* **Exercise material**:
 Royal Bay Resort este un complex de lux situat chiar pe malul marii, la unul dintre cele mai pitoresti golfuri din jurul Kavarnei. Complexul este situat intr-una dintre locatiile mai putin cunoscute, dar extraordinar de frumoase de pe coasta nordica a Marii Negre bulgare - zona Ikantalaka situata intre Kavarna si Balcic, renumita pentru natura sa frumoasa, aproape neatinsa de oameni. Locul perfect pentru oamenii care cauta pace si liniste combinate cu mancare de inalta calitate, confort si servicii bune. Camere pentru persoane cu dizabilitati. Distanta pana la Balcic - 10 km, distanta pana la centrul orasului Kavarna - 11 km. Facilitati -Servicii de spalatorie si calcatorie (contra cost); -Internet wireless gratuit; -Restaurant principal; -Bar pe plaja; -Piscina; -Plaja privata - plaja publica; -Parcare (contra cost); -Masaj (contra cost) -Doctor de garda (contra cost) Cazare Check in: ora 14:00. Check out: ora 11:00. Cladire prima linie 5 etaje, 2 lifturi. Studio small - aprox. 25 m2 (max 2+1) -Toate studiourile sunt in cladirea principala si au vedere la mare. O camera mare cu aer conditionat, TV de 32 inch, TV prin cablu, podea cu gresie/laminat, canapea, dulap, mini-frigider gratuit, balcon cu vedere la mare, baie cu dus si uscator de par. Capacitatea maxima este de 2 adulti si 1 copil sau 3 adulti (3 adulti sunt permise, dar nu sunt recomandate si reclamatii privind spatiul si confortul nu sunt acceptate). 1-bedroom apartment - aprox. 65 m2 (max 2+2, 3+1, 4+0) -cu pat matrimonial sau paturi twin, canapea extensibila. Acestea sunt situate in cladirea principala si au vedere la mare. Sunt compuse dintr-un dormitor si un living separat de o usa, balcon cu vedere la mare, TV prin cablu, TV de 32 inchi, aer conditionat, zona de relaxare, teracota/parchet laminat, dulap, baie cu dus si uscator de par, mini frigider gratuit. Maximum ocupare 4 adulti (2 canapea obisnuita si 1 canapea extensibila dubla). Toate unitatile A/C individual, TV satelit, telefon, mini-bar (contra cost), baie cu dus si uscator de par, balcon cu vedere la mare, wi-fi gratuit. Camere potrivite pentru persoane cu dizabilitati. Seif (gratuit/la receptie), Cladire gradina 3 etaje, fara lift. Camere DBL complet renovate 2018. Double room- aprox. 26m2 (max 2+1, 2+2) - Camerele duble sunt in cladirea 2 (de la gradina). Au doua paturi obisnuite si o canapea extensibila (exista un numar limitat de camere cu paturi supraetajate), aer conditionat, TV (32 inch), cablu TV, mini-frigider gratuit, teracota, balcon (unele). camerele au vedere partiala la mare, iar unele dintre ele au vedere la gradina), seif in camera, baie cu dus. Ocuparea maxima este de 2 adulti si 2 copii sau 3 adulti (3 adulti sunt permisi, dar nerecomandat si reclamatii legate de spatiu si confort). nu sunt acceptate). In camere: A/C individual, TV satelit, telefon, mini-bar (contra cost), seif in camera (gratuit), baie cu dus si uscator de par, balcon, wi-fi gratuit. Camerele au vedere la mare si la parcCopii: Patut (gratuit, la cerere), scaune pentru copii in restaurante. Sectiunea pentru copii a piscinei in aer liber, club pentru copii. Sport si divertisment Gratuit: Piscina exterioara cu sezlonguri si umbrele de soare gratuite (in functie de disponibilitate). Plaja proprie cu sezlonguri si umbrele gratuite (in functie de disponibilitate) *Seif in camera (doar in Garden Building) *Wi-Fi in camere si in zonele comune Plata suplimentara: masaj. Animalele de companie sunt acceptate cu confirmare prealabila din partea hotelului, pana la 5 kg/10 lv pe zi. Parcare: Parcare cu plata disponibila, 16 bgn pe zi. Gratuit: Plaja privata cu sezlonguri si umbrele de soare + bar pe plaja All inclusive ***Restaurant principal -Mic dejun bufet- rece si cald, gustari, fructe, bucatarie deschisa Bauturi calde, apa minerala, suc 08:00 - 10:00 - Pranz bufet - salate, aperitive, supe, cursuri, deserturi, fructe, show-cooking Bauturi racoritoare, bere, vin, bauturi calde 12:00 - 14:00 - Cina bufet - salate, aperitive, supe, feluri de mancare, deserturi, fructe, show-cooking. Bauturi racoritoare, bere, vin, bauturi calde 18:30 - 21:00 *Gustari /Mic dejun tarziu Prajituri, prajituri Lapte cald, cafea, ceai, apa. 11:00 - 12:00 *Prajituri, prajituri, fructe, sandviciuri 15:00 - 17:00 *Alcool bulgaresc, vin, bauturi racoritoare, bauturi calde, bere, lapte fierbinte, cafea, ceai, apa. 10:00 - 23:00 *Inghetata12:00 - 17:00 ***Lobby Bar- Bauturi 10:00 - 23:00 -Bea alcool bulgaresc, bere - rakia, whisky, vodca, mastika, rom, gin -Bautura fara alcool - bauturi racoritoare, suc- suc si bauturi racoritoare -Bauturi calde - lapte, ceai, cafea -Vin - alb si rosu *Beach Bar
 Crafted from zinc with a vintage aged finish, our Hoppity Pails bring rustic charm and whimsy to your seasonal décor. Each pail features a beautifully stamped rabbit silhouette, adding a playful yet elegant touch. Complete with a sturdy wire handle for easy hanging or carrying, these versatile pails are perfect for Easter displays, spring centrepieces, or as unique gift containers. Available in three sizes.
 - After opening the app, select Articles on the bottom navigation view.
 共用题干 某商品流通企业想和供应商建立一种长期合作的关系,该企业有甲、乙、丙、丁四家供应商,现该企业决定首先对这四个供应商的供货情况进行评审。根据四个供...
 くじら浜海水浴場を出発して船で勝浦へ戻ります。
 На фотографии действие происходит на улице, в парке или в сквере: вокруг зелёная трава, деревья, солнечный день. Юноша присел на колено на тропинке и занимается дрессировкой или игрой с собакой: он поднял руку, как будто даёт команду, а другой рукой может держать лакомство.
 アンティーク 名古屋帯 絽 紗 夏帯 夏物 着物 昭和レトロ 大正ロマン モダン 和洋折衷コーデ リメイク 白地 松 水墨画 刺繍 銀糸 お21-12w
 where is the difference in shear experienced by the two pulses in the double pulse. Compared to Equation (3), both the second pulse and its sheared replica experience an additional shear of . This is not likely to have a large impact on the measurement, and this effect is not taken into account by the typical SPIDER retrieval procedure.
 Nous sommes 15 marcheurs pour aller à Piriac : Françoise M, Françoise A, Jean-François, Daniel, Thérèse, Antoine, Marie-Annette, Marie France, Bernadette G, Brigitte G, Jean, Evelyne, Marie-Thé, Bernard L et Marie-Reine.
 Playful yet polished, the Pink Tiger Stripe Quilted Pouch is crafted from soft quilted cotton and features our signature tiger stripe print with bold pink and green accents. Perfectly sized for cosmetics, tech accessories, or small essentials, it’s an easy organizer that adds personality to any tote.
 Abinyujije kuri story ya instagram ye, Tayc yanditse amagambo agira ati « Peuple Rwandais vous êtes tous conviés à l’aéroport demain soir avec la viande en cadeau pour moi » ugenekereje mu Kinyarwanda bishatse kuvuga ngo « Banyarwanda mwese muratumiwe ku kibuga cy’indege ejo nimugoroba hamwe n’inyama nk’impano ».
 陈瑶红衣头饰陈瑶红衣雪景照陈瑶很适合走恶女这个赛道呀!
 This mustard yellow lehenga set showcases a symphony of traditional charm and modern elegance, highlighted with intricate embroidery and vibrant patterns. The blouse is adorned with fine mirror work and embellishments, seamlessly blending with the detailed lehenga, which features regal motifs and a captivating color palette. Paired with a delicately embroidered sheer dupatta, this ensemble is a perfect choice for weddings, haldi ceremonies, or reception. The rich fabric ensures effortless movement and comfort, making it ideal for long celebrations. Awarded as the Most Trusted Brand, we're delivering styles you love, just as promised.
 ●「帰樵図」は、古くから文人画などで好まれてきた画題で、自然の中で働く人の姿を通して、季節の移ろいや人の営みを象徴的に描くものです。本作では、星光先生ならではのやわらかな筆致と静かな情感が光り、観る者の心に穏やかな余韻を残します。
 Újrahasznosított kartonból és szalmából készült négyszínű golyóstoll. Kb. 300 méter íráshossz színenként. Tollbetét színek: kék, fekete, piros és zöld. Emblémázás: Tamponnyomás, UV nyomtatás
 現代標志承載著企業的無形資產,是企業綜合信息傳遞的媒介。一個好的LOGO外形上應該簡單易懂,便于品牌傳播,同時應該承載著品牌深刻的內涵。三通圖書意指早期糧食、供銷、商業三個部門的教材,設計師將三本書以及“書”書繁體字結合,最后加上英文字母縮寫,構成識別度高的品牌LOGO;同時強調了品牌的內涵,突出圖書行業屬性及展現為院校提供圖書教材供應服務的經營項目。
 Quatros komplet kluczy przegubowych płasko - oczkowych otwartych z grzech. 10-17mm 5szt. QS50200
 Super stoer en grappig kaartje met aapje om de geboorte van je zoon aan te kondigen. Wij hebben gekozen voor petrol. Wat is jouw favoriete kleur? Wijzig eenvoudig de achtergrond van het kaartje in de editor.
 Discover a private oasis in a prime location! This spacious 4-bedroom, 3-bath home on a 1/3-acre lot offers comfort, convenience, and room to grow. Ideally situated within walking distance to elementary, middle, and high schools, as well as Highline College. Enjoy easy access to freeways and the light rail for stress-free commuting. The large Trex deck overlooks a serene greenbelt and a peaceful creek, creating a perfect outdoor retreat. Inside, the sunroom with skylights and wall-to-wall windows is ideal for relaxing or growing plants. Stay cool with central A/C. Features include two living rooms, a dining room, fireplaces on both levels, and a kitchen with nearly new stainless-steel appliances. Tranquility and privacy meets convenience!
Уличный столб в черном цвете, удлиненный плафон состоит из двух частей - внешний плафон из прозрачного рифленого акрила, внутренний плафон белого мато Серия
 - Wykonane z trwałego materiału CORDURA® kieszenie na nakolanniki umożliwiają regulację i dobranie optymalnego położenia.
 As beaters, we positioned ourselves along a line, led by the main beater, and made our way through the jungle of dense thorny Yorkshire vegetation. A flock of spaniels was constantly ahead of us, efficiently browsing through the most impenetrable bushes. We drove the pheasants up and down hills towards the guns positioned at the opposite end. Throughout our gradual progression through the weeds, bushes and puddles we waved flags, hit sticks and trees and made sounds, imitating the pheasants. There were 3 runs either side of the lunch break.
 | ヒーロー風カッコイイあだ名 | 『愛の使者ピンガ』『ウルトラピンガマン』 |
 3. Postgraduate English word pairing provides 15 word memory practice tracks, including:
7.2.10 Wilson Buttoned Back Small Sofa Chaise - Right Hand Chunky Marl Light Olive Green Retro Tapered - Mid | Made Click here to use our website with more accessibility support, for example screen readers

* **The problem**: Looking at the records above, return exactly the lines from the line with "くじら浜海水浴場を出発して船で勝浦へ戻ります。" to the line with "アンティーク 名古屋帯 絽", both ends included.

* **Response to this task**:
 くじら浜海水浴場を出発して船で勝浦へ戻ります。
 На фотографии действие происходит на улице, в парке или в сквере: вокруг зелёная трава, деревья, солнечный день. Юноша присел на колено на тропинке и занимается дрессировкой или игрой с собакой: он поднял руку, как будто даёт команду, а другой рукой может держать лакомство.
 アンティーク 名古屋帯 絽 紗 夏帯 夏物 着物 昭和レトロ 大正ロマン モダン 和洋折衷コーデ リメイク 白地 松 水墨画 刺繍 銀糸 お21-12w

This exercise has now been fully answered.